• _Task to carry out_
Take the lines below from the one with "Psicografias recebidas na" through the one with "Enrico Pasquali (1923-2004)" and print only them, exactly. Don't print the pictures.

• _Records for this exercise_
*** Block opens ***
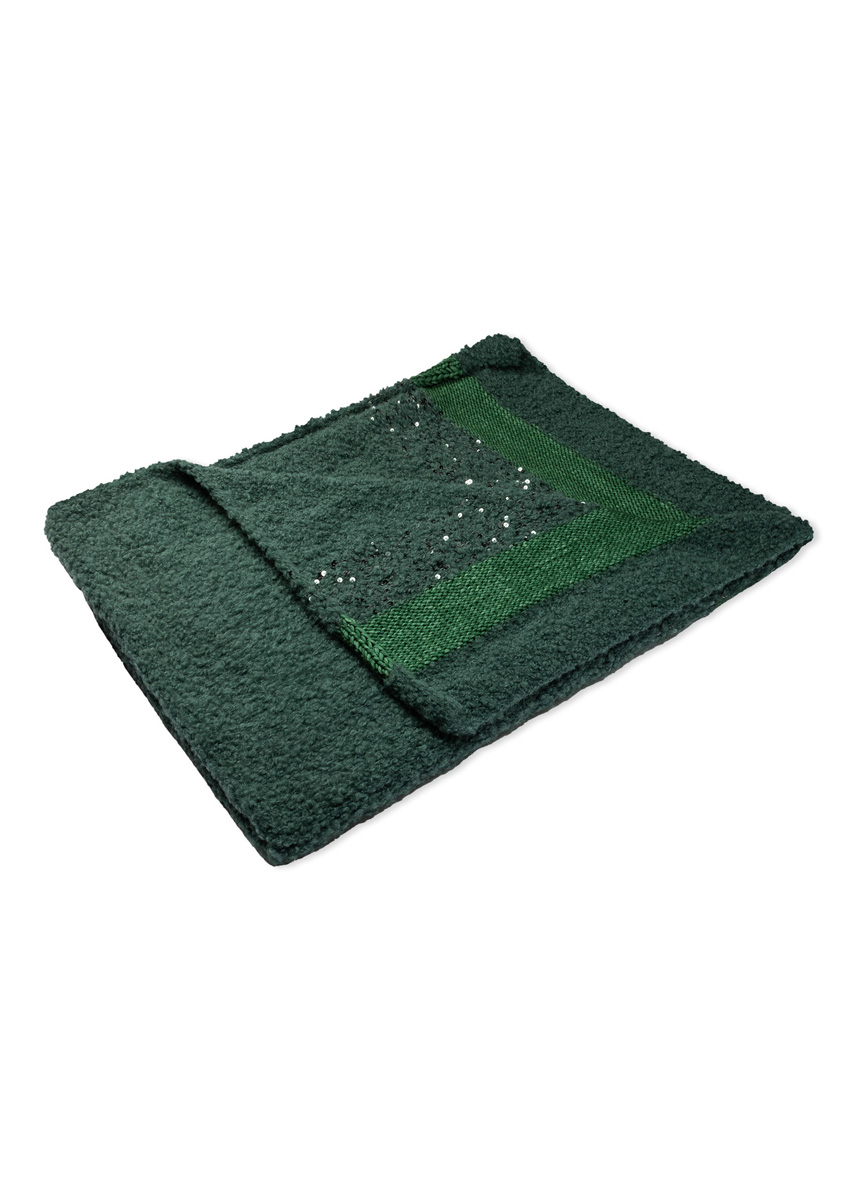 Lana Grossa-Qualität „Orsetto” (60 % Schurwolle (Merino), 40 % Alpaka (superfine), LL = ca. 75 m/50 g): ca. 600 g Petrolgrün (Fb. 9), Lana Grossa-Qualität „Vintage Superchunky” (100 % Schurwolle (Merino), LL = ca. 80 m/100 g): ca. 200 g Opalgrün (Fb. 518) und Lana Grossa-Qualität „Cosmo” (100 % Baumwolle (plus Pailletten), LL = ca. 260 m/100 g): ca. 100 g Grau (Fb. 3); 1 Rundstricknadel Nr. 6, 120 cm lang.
*** Block closes ***
*** Block opens ***
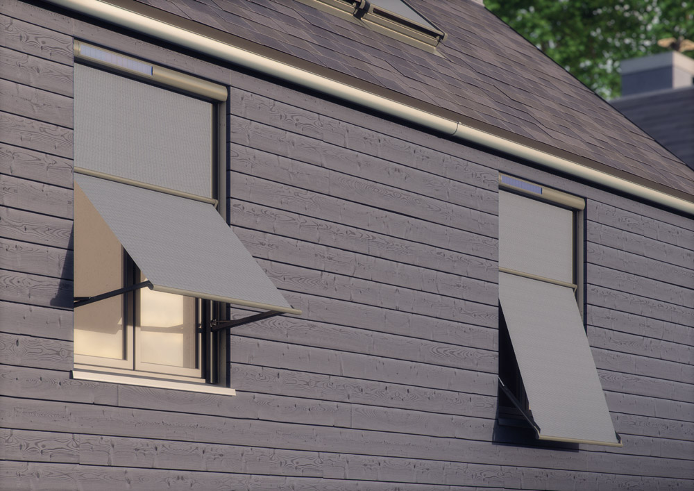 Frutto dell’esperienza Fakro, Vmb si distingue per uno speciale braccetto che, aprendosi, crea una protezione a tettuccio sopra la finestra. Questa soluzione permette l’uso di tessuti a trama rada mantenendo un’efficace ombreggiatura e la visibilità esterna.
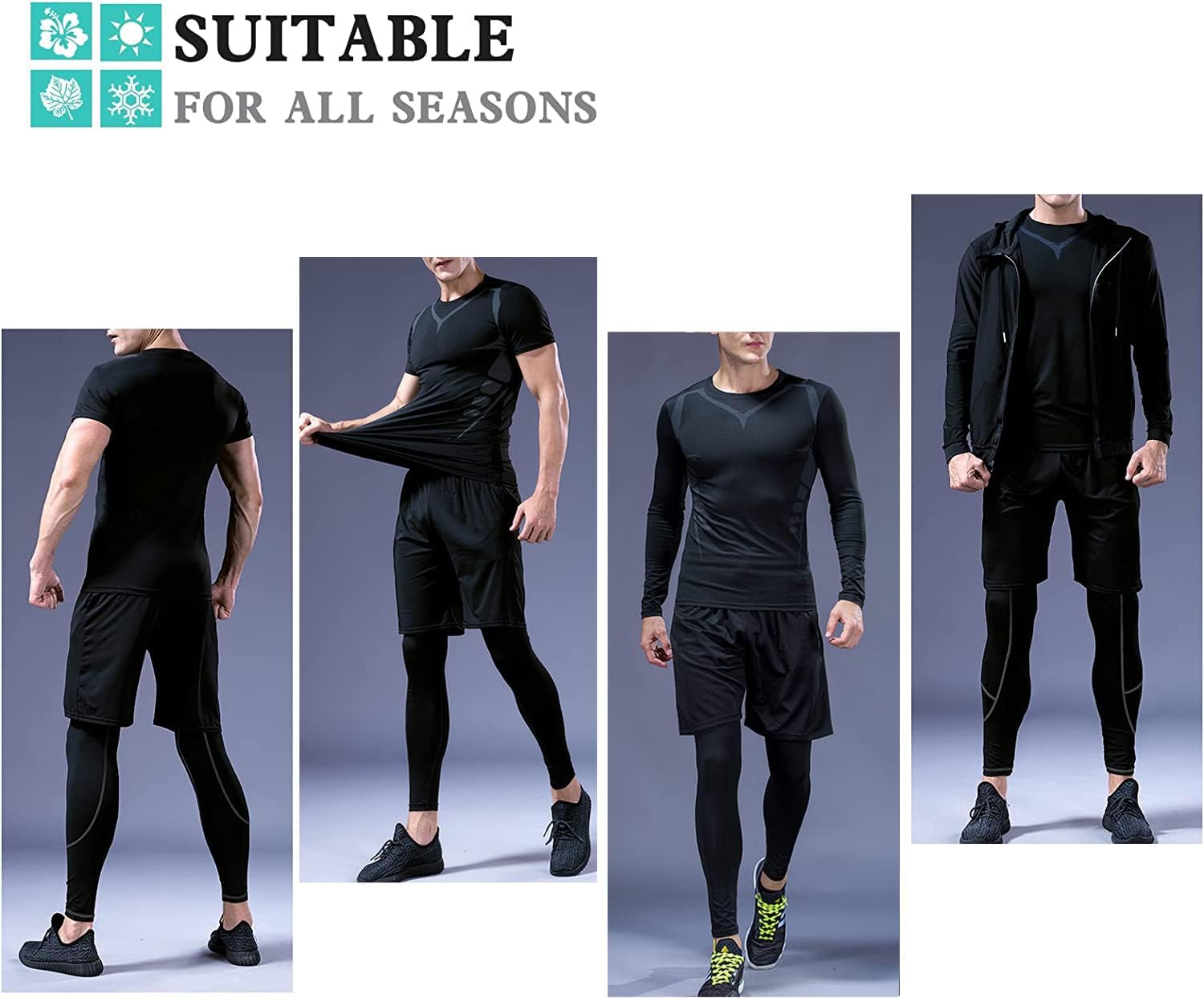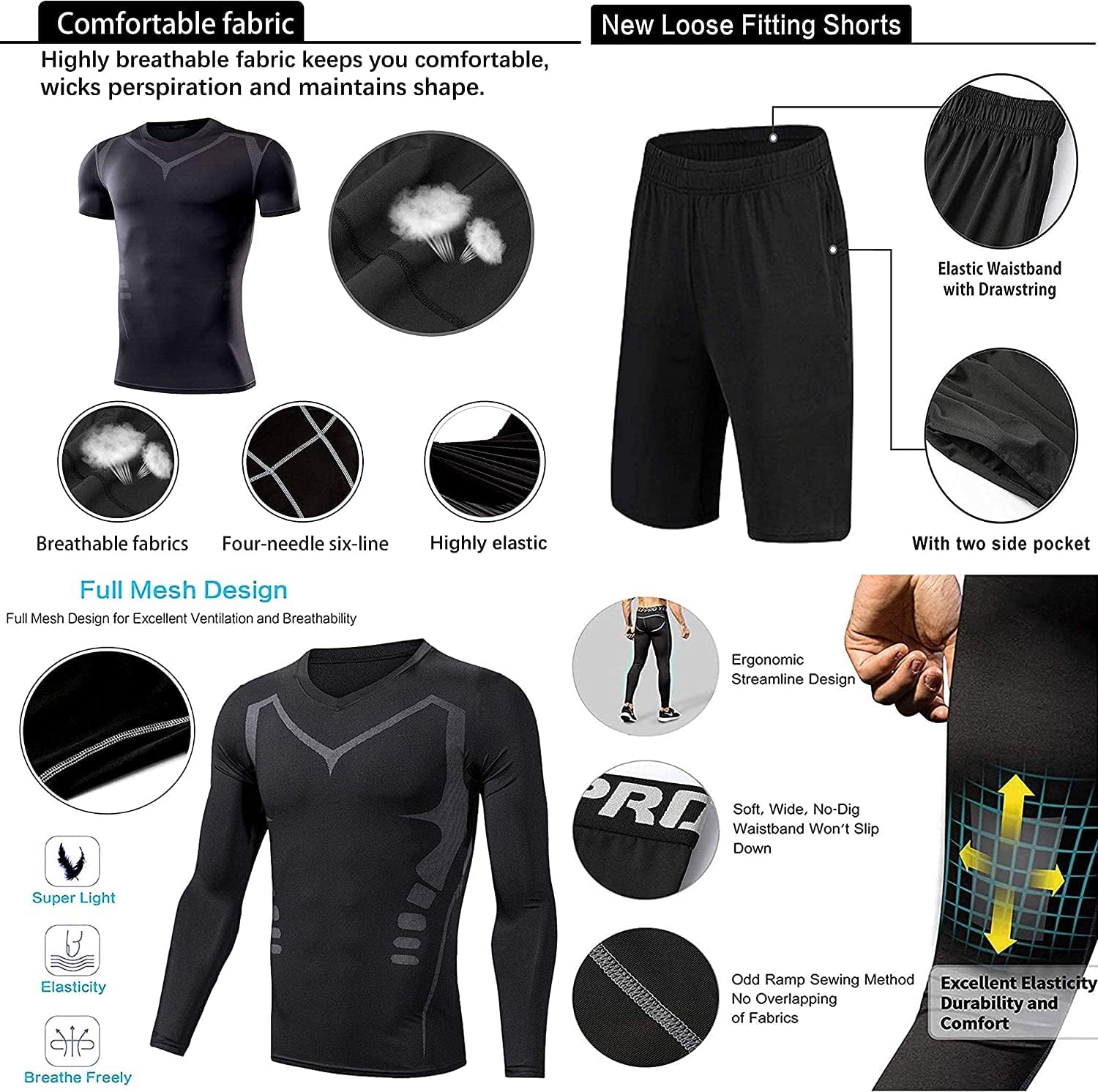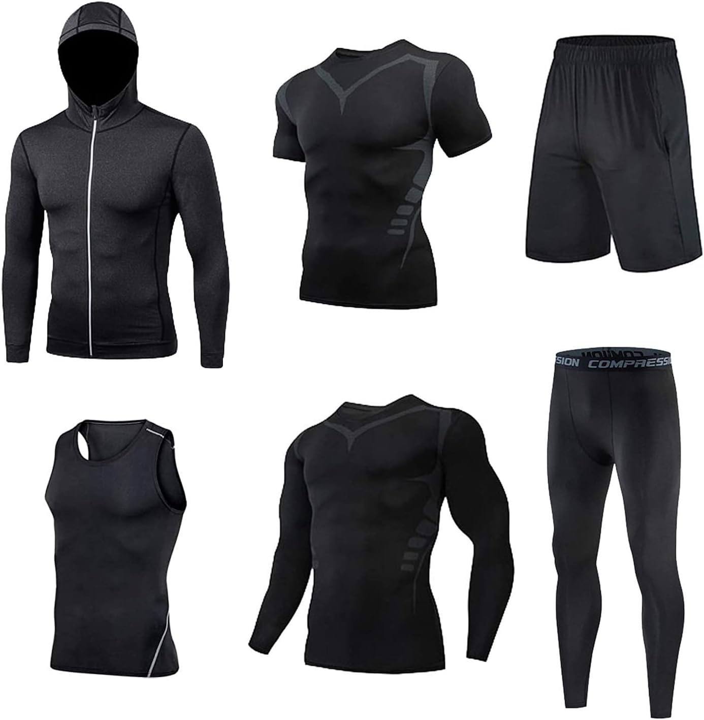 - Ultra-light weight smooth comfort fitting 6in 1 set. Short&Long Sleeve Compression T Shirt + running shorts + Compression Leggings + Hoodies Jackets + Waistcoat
*** Block closes ***
*** Block opens ***
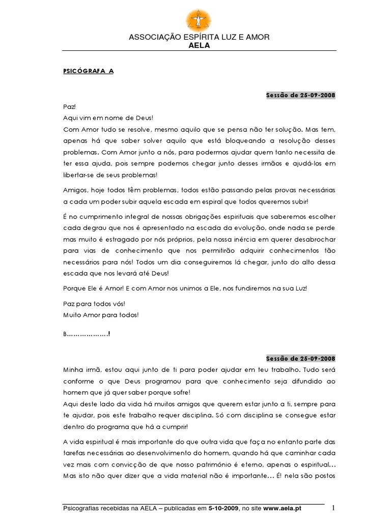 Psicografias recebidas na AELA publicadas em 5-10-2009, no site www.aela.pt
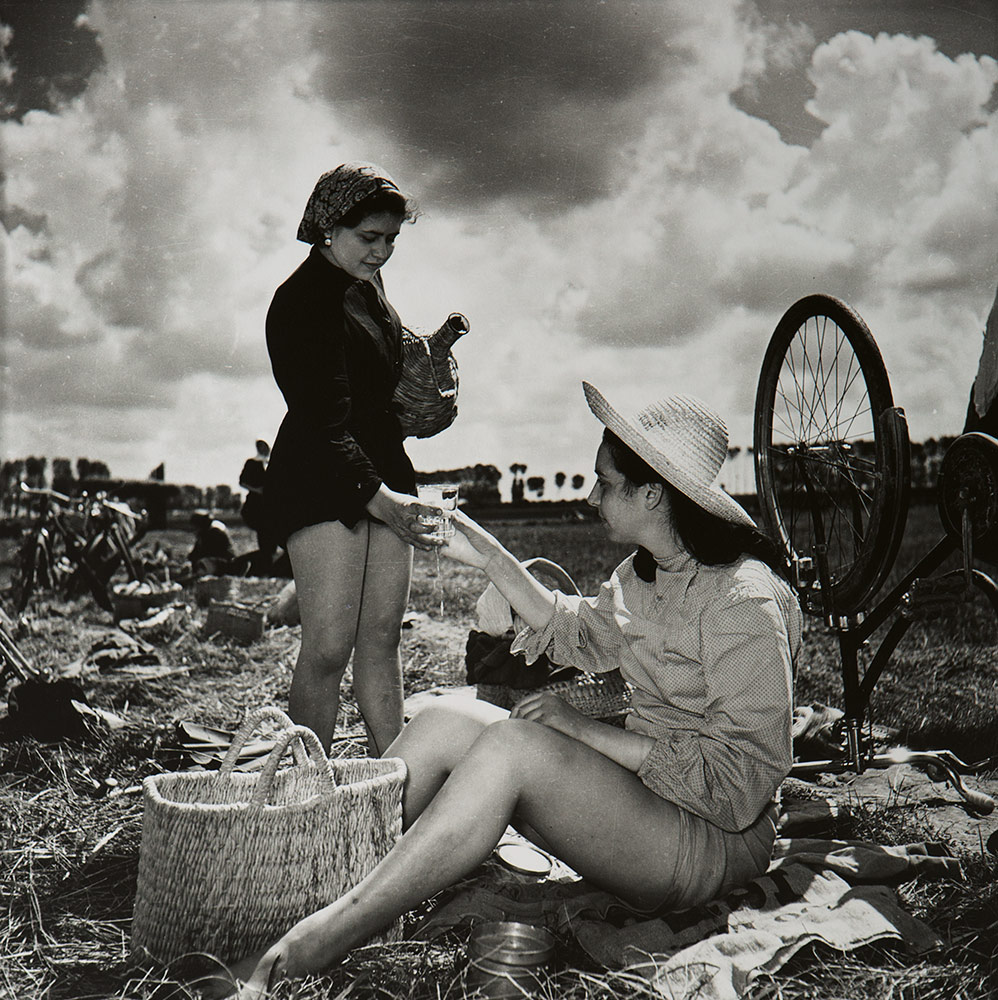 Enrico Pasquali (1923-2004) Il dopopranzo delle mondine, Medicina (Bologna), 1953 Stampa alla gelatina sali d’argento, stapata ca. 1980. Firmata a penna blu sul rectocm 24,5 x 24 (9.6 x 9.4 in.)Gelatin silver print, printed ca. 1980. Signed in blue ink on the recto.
*** Block closes ***
• _Problem solution_
 Psicografias recebidas na AELA publicadas em 5-10-2009, no site www.aela.pt
 Enrico Pasquali (1923-2004) Il dopopranzo delle mondine, Medicina (Bologna), 1953 Stampa alla gelatina sali d’argento, stapata ca. 1980. Firmata a penna blu sul rectocm 24,5 x 24 (9.6 x 9.4 in.)Gelatin silver print, printed ca. 1980. Signed in blue ink on the recto.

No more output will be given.